Moscow ban on food imports is short-sighted, belligerent: industry minister

The federal industry minister says Moscow’s decision to close its borders to western agricultural imports is a short-sighted move that will hurt Russia most.

ST. JOHN’S, N.L. — The federal industry minister says Moscow’s decision to close its borders to western agricultural imports is a short-sighted move that will hurt Russia most.

James Moore was responding to Russia’s announcement that it will halt food shipments from Canada, the United States and many other western countries for the next year.

The blockade is in retaliation for sanctions aimed at getting Russia to stop supporting rebels in Ukraine.

Moore says it showcases what he called Russian President Vladimir Putin’s “irresponsible and belligerent” approach to foreign policy.
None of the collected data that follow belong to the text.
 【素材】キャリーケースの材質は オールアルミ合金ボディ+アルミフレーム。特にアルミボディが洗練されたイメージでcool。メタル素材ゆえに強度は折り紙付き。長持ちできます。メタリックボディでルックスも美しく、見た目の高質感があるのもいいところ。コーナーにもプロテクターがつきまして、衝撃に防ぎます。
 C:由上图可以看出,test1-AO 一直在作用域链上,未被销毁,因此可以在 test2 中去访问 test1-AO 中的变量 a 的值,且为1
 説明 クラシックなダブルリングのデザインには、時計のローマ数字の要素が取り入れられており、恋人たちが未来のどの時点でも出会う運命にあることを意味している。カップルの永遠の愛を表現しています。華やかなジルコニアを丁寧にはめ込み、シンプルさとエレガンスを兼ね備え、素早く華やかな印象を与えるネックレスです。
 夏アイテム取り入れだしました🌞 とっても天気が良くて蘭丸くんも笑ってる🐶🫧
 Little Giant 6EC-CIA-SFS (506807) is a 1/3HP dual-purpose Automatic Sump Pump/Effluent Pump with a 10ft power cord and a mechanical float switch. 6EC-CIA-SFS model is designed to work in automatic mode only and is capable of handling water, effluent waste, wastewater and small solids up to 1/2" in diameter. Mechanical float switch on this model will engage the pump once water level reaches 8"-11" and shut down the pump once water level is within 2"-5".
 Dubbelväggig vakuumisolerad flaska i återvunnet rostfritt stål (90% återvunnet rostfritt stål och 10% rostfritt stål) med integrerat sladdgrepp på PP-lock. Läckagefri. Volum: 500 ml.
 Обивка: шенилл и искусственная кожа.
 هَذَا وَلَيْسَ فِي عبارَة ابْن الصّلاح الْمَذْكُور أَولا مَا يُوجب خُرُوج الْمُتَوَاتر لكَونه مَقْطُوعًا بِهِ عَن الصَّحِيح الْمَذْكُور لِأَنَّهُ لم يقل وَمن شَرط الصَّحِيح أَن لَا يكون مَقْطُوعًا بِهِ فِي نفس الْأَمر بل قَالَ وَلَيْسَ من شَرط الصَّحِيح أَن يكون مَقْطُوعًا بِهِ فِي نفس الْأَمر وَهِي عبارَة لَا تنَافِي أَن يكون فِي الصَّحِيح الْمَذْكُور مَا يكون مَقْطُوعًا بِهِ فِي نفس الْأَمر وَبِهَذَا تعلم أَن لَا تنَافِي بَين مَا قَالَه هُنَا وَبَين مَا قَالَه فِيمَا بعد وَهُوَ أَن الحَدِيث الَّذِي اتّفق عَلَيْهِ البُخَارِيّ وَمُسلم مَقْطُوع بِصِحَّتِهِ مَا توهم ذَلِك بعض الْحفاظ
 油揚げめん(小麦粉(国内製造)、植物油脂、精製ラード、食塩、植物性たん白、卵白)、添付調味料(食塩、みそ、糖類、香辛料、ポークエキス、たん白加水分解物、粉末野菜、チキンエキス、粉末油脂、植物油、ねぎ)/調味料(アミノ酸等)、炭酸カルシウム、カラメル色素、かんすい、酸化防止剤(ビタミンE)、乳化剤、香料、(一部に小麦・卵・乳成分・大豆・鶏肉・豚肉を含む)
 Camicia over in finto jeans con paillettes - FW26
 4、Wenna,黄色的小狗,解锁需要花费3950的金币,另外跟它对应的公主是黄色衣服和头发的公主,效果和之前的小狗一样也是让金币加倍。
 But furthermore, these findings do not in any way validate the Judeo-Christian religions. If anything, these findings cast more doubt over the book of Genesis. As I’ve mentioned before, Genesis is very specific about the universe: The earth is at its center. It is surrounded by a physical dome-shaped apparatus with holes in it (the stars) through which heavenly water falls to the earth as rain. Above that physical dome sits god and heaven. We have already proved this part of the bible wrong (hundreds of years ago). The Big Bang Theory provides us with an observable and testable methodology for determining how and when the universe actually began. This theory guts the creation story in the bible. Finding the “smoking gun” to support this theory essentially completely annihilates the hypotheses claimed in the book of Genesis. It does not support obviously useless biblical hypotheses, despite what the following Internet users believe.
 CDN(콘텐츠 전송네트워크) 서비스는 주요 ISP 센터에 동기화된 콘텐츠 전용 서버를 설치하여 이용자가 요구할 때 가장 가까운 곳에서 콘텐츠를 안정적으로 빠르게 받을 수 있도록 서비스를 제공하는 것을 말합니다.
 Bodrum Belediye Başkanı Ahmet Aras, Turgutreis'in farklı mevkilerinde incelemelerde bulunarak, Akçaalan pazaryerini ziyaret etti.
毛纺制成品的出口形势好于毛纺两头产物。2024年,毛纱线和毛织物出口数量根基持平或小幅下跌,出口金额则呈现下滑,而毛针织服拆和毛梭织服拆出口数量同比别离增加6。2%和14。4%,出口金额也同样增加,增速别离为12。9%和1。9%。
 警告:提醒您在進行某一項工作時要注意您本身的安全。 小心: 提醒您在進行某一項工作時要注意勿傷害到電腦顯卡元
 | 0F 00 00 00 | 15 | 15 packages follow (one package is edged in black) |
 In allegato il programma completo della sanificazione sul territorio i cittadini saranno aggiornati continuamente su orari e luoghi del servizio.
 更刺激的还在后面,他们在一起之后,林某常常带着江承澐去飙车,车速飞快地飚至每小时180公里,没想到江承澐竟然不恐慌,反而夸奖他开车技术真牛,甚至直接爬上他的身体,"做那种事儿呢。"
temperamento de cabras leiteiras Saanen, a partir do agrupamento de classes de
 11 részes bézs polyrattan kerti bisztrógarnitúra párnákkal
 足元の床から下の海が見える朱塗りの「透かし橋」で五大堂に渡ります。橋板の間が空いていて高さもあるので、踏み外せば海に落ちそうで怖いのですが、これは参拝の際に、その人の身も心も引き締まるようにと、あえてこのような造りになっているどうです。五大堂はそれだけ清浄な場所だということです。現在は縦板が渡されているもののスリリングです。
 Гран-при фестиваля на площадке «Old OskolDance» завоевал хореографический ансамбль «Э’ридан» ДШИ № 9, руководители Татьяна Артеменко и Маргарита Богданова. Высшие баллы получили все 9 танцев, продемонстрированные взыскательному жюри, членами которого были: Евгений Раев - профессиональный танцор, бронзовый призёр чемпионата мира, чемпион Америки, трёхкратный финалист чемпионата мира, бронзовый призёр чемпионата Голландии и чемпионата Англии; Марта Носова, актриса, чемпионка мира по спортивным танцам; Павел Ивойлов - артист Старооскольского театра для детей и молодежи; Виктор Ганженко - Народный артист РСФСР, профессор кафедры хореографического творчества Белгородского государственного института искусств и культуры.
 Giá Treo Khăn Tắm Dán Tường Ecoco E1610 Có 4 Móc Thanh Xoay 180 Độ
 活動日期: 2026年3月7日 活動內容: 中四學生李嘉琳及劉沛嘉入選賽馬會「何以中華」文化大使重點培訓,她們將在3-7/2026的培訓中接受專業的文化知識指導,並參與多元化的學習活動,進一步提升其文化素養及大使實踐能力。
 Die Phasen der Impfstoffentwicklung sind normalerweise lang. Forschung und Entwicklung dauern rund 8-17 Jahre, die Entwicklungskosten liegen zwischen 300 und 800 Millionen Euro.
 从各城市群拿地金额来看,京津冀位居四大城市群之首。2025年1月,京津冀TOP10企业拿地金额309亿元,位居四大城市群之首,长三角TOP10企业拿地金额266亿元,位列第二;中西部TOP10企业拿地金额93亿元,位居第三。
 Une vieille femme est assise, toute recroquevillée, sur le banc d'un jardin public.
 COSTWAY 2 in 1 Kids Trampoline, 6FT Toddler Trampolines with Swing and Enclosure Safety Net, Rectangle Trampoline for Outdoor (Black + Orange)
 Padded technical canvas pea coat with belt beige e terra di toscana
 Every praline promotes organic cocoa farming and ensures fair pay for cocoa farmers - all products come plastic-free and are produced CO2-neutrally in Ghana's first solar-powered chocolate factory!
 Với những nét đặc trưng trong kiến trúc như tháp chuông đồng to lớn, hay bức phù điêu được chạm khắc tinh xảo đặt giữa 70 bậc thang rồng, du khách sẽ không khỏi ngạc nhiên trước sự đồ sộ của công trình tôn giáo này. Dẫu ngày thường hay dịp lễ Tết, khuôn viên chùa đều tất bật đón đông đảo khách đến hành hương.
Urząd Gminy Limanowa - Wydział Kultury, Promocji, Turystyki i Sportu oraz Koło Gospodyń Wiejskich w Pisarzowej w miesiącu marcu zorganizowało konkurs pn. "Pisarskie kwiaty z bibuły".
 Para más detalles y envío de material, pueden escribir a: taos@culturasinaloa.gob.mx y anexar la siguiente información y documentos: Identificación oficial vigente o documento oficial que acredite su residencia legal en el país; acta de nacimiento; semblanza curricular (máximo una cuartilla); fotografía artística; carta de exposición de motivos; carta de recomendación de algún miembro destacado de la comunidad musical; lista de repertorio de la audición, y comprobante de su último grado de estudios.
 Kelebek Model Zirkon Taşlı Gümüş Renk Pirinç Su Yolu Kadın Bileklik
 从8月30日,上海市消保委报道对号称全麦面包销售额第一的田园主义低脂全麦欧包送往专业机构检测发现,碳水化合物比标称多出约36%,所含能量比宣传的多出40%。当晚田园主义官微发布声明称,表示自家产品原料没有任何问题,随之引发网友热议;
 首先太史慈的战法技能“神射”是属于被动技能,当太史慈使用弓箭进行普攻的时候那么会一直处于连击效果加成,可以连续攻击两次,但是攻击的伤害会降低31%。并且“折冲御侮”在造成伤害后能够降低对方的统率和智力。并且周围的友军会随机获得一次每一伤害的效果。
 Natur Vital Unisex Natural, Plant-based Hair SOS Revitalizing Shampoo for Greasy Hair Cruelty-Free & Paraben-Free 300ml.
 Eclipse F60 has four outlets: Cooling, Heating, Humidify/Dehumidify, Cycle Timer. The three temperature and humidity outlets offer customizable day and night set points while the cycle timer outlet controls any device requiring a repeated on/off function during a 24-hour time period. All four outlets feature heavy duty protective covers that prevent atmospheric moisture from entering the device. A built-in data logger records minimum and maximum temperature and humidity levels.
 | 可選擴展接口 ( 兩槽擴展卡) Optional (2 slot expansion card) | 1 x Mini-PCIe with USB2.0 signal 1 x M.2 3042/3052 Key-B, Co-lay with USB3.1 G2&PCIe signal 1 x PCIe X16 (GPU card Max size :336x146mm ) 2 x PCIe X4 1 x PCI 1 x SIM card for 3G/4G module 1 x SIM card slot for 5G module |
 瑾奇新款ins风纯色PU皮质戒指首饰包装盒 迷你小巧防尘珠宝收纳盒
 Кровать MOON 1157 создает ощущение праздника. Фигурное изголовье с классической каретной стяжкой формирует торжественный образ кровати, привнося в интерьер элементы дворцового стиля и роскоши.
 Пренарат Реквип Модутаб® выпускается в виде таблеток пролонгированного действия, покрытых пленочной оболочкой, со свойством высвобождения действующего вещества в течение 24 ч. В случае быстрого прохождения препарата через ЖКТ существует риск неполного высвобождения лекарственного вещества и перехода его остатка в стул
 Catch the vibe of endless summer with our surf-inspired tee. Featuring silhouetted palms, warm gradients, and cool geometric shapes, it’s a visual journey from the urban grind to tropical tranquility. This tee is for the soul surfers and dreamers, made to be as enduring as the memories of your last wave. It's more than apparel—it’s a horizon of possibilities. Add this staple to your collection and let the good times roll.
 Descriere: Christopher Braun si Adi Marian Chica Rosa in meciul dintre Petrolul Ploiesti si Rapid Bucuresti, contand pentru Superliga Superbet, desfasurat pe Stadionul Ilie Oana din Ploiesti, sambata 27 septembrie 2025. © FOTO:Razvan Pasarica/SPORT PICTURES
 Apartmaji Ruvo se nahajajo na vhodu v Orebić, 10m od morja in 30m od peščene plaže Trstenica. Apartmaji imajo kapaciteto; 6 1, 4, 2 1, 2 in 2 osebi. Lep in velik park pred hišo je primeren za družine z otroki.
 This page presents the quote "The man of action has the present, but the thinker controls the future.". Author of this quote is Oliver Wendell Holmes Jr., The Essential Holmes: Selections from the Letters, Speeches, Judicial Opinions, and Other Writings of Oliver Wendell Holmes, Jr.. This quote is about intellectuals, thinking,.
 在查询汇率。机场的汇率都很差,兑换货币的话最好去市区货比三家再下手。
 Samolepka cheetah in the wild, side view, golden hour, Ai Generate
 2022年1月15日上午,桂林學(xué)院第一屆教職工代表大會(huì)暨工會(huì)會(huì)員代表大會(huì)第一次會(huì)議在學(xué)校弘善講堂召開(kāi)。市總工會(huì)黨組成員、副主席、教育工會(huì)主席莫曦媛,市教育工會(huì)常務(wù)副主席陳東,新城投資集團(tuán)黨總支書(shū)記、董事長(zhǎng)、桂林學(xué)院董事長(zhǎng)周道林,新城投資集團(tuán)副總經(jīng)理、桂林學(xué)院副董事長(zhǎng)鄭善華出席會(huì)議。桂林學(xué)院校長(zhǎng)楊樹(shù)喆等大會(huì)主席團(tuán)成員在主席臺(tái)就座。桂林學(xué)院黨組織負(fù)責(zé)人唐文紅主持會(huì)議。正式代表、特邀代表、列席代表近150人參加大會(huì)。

Canadian pork producers are especially concerned as frozen pork accounts for much of the country’s agri-exports to Russia.

Moore says the potential loss of Russian markets is another reason to open up more free trade with Europe, South Korea and other countries.

At least one group isn’t so sure Russia will take the brunt of the fallout.

The Saskatchewan Manufacturing Council wants the federal government to consider special support for Canadian exporters affected by the sanctions.

Executive director Derek Lothian says Russia is a key customer.

He says the council would like Ottawa to create an emergency fund to offer short-term relief for agricultural processors, producers and related manufacturers that will be hurt.

Lothian says the federal government should also communicate closely with Canadian companies that export to Russia.

He says Russia is strategically important as a stand-alone market and as a gateway to other countries in Eastern Europe.

Lothian warns the sanctions on food products will have a ripple effect on related industries and could result in a loss of Canadian jobs.

“We are known around the world as probably the best supplier of agricultural equipment,” Lothian said Friday. “If there is no money to purchase that equipment in foreign or domestic markets, that equals jobs and investment here at home.”

Russia’s sanctions are aimed at meat, milk and dairy products, fruit and vegetables and fish from Canada, the U.S., the European Union, Australia and Norway.

Canada’s agricultural exports to Russia amounted to $563 million in 2012, mostly in frozen pork, according to Agriculture and Agri-Food Canada.

The council represents about 40 companies in Saskatchewan.